Screw A Christmas Story. You know the one thing I can't stand about that film? The fact that dumb ass kid didn't completely take out his eye when he's shooting his Red Rider BB Gun in the backyard. Just one more inch to the right and POW - he get's what he deserves. That is the only way that shite-storm of a movie could have gotten to a half decent level. God I hate that kid.
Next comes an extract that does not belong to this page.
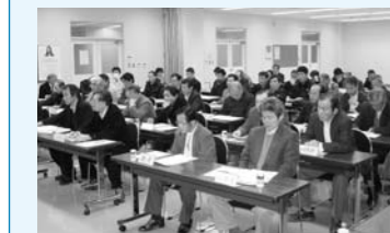
▲燕地区農家組合長会議

The following are the top 10 Christmas movies I think are kick ass. Your list may differ from mine and that's cool. No worries. But come December 22nd these will be the movies I've got loaded on the wife's iPhone to watch and put me in the bestest Christmas mood.
Or you could go read Chris Kitowski's blog. Barf. You'd probably have more fun watching paint dry. Will add Chris' blog address as soon as I can.
1. Die Hard - That's right. John McClane and Nakatomi Plaza baby. Yippy ki yeah motherf*cker.
2. Die Hard 2 - John McClane! Christmas Vacation never killed so many people.
3. Scrooged - BILL MURRAY. "The antlers won't stay on the mice". "Then staple them."
4. Trading Places - Jamie Lee Curtis' ta-ta's.
5. Elf - Through the gummy bear forrest and over the chocolate river we must go.
6. National Lampoon's Christmas Vacation - Go Walt Griswald!
7. Gremlin's - C'mon man! Gizmo. It brought us Gizmo for crying out loud.
8. Best Friends - Ryan Reynold's is my hero. Friggin' hilarious!
9. The Ref - Two words. Dennis Leary.
10. Four Christmases - It kind of reminds me of my family... I don't know why.
Top this Chris Kitowski! You hack. You undeniable king of the douche bags.